I could see it being better at understanding indented JSON, because with indentation, you need a lot less context to see how deep something is in the hierarchy (just look at how many spaces came after the last newline). And it feels like the indentation, while redundant, may serve as a cue that would make it easier to interpret the structure.

On the other hand, it’s kind of a token-burner, and ChatGPT itself claims to be perfectly happy with minified JSON when you ask it.

So - has anyone experimented with this - or have some good reasons for believing one side or the other?

2 Likes

I’m also curious to see if anyone else has actually quantified this. I assume the answer depends on how complex your data is because (like you imply) indentation gives it significantly more context. Since best (LLM) results are typically attained with more/better context, I personally indent JSON outputs and mark them with a #TODO to come back and test should the code ever make it to the light of day.

1 Like

To answer your question simply, as there is a lot of nuance philosophical considerations, is that yes, if you use spaces as indent to represent your JSON data, it will better understand the nature of JSON format. It understands your use of spacing as a form of a hierarchy. It’s more than interpreting the structure, it gains a deeper understanding of the relationship between data.

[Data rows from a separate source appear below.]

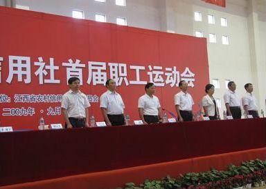 9月21日上午8时50分,江西省农村信用社首届职工运动会在我院体育馆隆重举行,江西省农村信用社理事长肖四如、主任孔发龙、省总工会陈文明副主席、省体育局副巡视员杜雅军及其他省信用社领导在我院于果董事长的陪同下参加了本此运动会开幕式。开幕式上我院作为承办方组织了欢快、活泼的表演节目,精彩的节目不时博得观众的阵阵掌声。本次运动会为期3天,运动赛事有篮球、羽毛球、乒乓球、网球、田径五个项目,共有300多位运动员参加以上赛事的角逐。
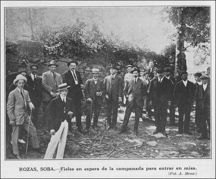 1919. Rozas. Soba. Fieles en espera de la campanada para entrar en misa. (Foto A. Mena). La Montaña: revista semanal de la colonia montañesa; Año IV Número 15 – Habana 12 de Abril de 1919.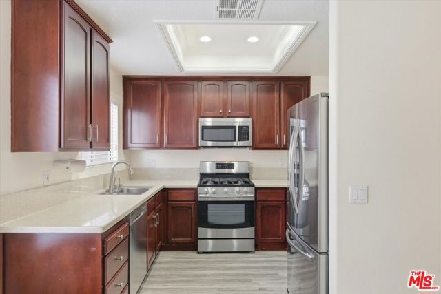 Welcome to 15116 Ocaso Ave., a beautifully updated townhome in the sought-after gated community of La Mirada Town Center, just minutes from Orange County's Koreatown. This spacious 2-bed, 3-bath home offers 1,219 sq. ft. of living space, plus a custom-built bonus room (approx. 110 sq. ft.) added in 2020 perfect as a home office. Enjoy the convenience of a private, attached 2-car garage with direct access into the home through the bonus room, offering both privacy and functionality. The open-concept main floor features high ceilings, a modern kitchen with stainless steel appliances, recessed LED lighting, and a water filtration system. Enjoy both a cozy breakfast nook and a separate dining area, with a laundry closet conveniently tucked away. Upstairs, both bedrooms offer private en-suite bathrooms, ideal for families, roommates, or rental flexibility. Whether you're a first-time buyer, investor, or future landlord, this home combines style, location, and value. Photos have been virtually staged. Don't miss one of the best opportunities in O.C., schedule your tour today!

It’s not a token burner. Because in Byte Pair Encoding, the use of space indenting, the space becomes part of the first word, so it doesn’t use additional tokens. Leading spaces are included with the first word of the line. Indentation thus becomes part of the first token after the indentation.

Hello World
This is a fine day indeed
I think I’ll go pick apples

Can’t really see the spaces in this as the forum is correcting for them, but imagine the first has one space, second, two, and the last has four.

" Hello World" (1 space before “Hello”):
[" Hello", " World"]
The leading space is part of the " Hello" token.

" This is a fine day indeed" (2 spaces before “This”):
[" This", " is", " a", " fine", " day", " indeed"]
The two spaces are part of the " This" token.

" I think I’ll go pick apples" (4 spaces before “I”):
[" I", " think", " I’ll", " go", " pick", " apples"]
The four spaces are part of the " I" token.

Also notice that all the spaces in the words are part of the proceeding word, which means that spaces don’t have tokens. An exception to this is if you use double spaces, then the two spaces would be a token.

2 Likes

The number of tokens can vary greatly when indenting JSON using json.dumps, depending on the complexity of the nested structure.


3 Likes

Just so you know, using JSON the standard way as you are, you don’t need space indenting because the AI can already detect a hierarchy. At this point, the space indenting is for your benefit, not the AI’s. As I initially said, in terms of ‘nuance philosophical considerations,’ space indenting can help the AI see the hierarchy, but that’s only if you don’t establish a hierarchy within JSON. I’ve seen some who don’t do that, which is why I phrased it as I did. To clarify my point: if you have a hierarchy within the JSON format, then you don’t need space indenting. Otherwise, lacking a clear hierarchy within JSON, you do need space indenting.

My testing was done using Python with the ‘GPT2Tokenizer,’ which, as I understand, is an open-source version that underpins many GPT models. This tokenizer is quite different from those used in GPT-3.5 and GPT-4. Different tokenizers handle patterns in distinct ways. When I used the GPT2Tokenizer in Python, my focus was on accurately identifying all tokens. If I had taken JSON formatting into account, it might have influenced how the tokenizer counted tokens, particularly in relation to JSON patternization.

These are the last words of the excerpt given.